I’m talking to the people with filtered water refill stations in their office kitchens who, instead of bringing their own reusable water bottle, choose to pillage the cases of Nestlé Pure Life stocked in the refrigerator. I’m talking to the office managers who stock it in the first place. I’m talking to every celebrity shilling for fashionable water brands (including you, Virgil Abloh, the reusable bottle doesn’t change the fact that you’re working for Evian). I’m talking to people who have the ability to drink clean tap water, whether at home or out and about, and choose to instead drink from single-serve plastic that’s currently polluting our planet from sea to shining sea.

I’d like everyone reading this to collectively awake from the biggest marketing con of our time.

Did you know that every time you drink those 17 ounces of water and the plastic bottle goes in the trash, it will stay on the planet around 450 years? Of course you do, we’ve been told this over and over again.

Oh, what’s that? You make sure to recycle every single time? Well, if you’ve been paying attention, we really can’t count on recycling to save us. It makes you feel better, sure, but in the words of Inigo Montoya, I don’t think recycling means what you think it means. What if, instead, you just didn’t use plastic water bottles at all?

Is there a point that I’m getting to? Yes, I stated it in the third paragraph, but I’ll rephrase it: I’d like everyone reading this to collectively awake from the biggest marketing con of our time. (Admittedly, I cribbed that line from novelist and journalist Mohammed Hanif in the New York Times, who recently wrote about the Pakistani water crisis and how “the array of bottled waters available on the market is a testament to the fact that humans can be conned into buying anything.” Did I mention you’ve been conned?)

Maybe the reason you can blithely drink bottled water without going into a full-blown existential crisis is because you think we’re drinking less of it than at other times in the past. Reusable straws and plastic bag bans are in the news, right? So wouldn’t that logically mean people as a whole must be consuming less bottled water? No. We’re consuming much, much more.

In fact, the impetus for writing this screed, apart from my Hexxus-esque coworkers, was coming across the stats from the beverage industry in 2018. According to B2B publication BeverageDaily, bottled water dominated. It was the leading beverage category in the U.S. in both revenue and volume (around 14 billion gallons) and is “likely to see more growth in the next few years.” So all that talk about eco-friendliness and using less plastic? It’s certainly not happening here.

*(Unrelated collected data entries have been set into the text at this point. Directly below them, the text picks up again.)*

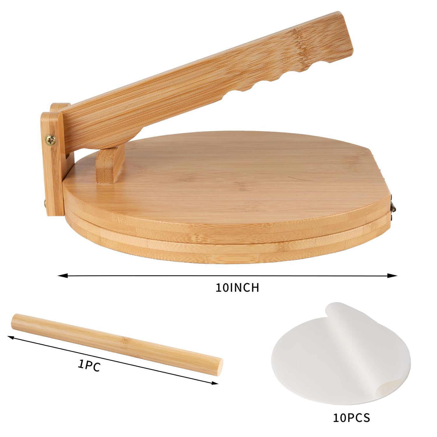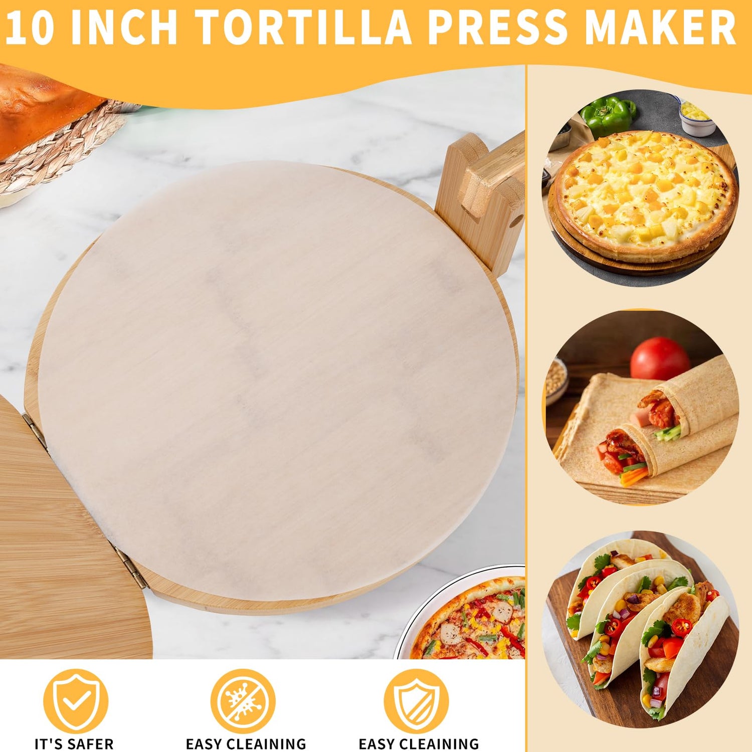 Wooden Tortilla Press 10 Inches with Rolling Pin & 50 Pcs Parchment Paper Mexican Tortillera Presser Homemade Tortillas Roti Pataconera Dough Press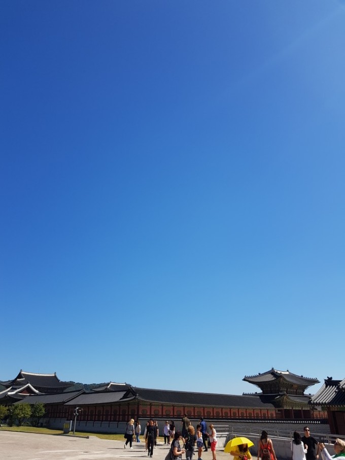 9일 일요일 서울 종로구 경복궁에 외국인을 비롯한 관광객들이 관람을 위해 입장하고 있다. 기상청은 이날 아침·저녁은 쌀쌀하고 낮엔 기온이 오르면서 일교차가 크게 나타나겠다고 예보했다.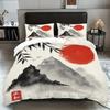 Set cuvertură de pilota în stil japonez King Queen Full size Ukiyo-e Theme Wave Pattern Set de lenjerie de pat din poliester Stil exotic de munte Fuji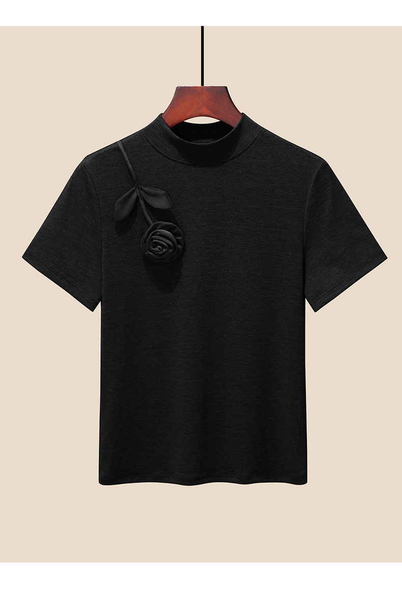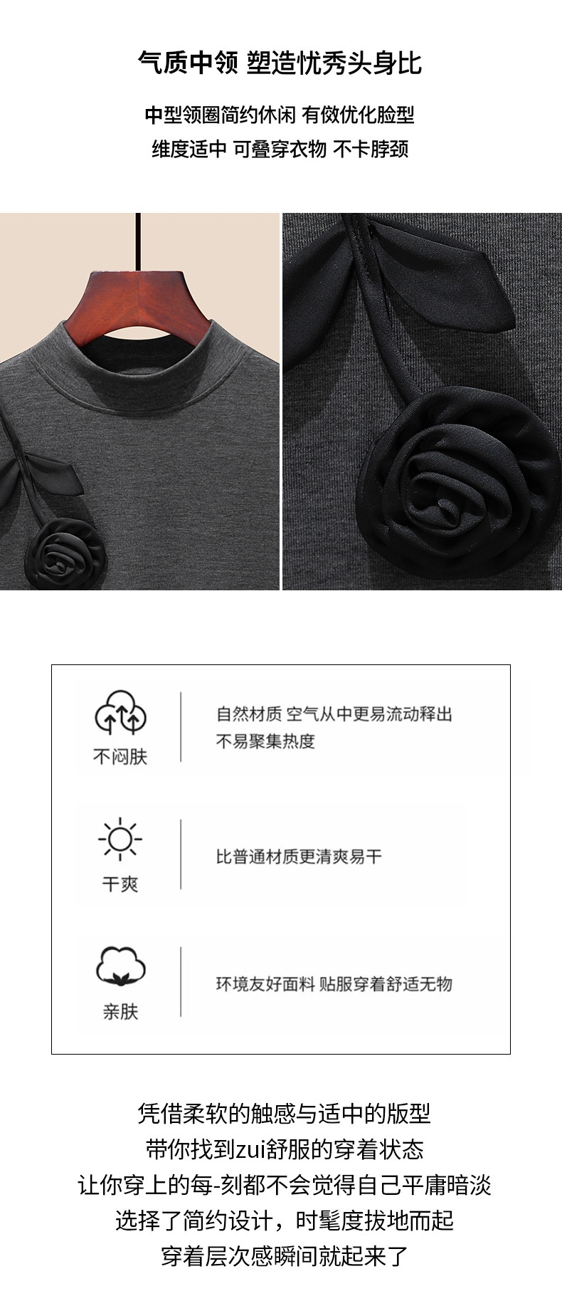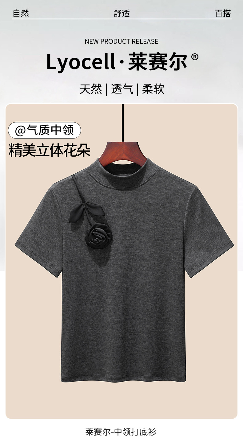 「自j」全新升级【铂金会员119/天猫159/差价40】(03560)洛诗琳莱赛尔天丝花朵T恤2025早秋正肩显瘦半高领打底上衣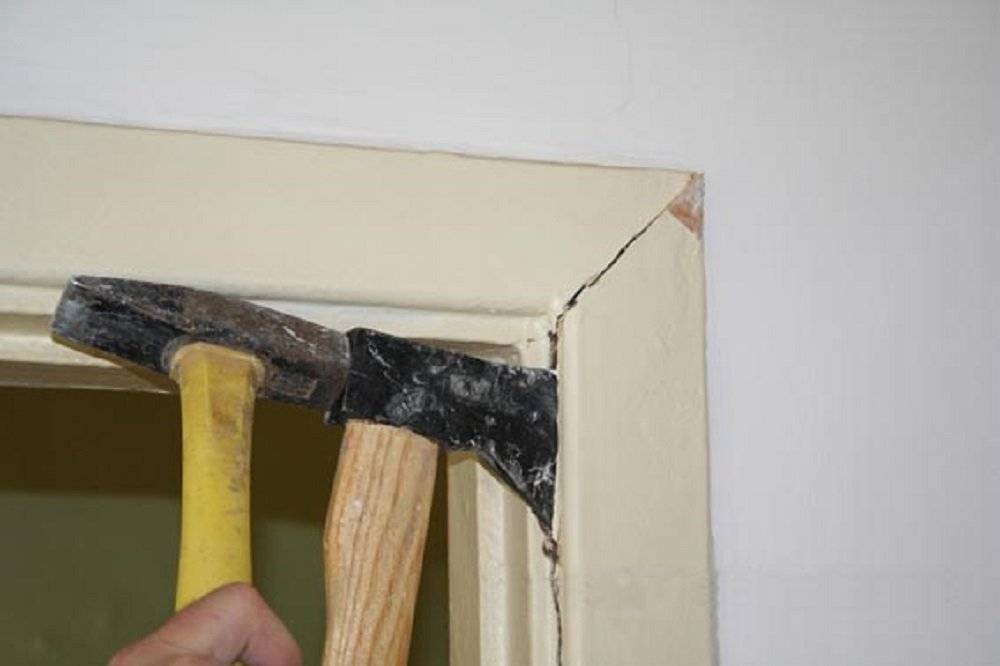 - Если демонтируется короб из металла либо деревянная коробка прикреплена к проему анкерами, то их проще отпилить болгаркой, как и металлические стойки.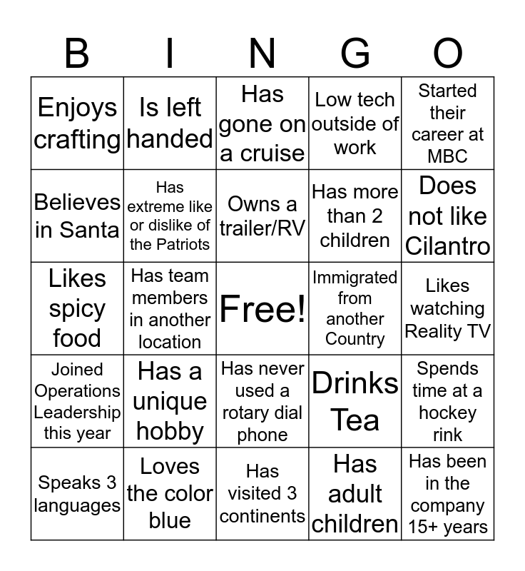 This bingo card has a free space and 24 words: Has a unique hobby, Loves the color blue, Owns a trailer/RV, Speaks 3 languages, Started their career at MBC, Enjoys crafting, Believes in Santa, Is left handed, Immigrated from another Country, Has never used a rotary dial phone, Has more than 2 children, Likes spicy food, Drinks Tea, Spends time at a hockey rink, Has extreme like or dislike of the Patriots, Has adult children, Likes watching Reality TV, Has gone on a cruise, Does not like Cilantro, Has team members in another location, Has been in the company 15+ years, Joined Operations Leadership this year, Low tech outside of work and Has visited 3 continents.

Look, I’m not here to sell you anything, not even a reusable water bottle. Chances are you’ve got one! So for the love of that sweet phone-retrieving beluga whale, just use it already. You’ve got a branded S’well bottle from some random event, so just slap a sticker over the corporate logo. Or maybe you’ve got a Nalgene sitting in a gym bag you haven’t used in a month, so break it out. Or ask your friends. Or email me, I’m looking at a spare one on my desk as I type this (next to the one I fill up at said office kitchen refill station).

I’ll admit, the enormity of the problems currently facing humanity can easily lead to inaction. The most obvious of these are climate change and pollution. But even if you break up that fundamental catastrophe into smaller pieces, they’re still too big for most people to comprehend, and consequently too big for most people to do anything about. So today, just do one teeny tiny thing. Just stop drinking bottled water when you don’t need to.

For a lot of people, cutting plastic bottles of water out of your life is one of the simplest actions you can take to stop polluting the planet.

Can you really not do the simplest thing?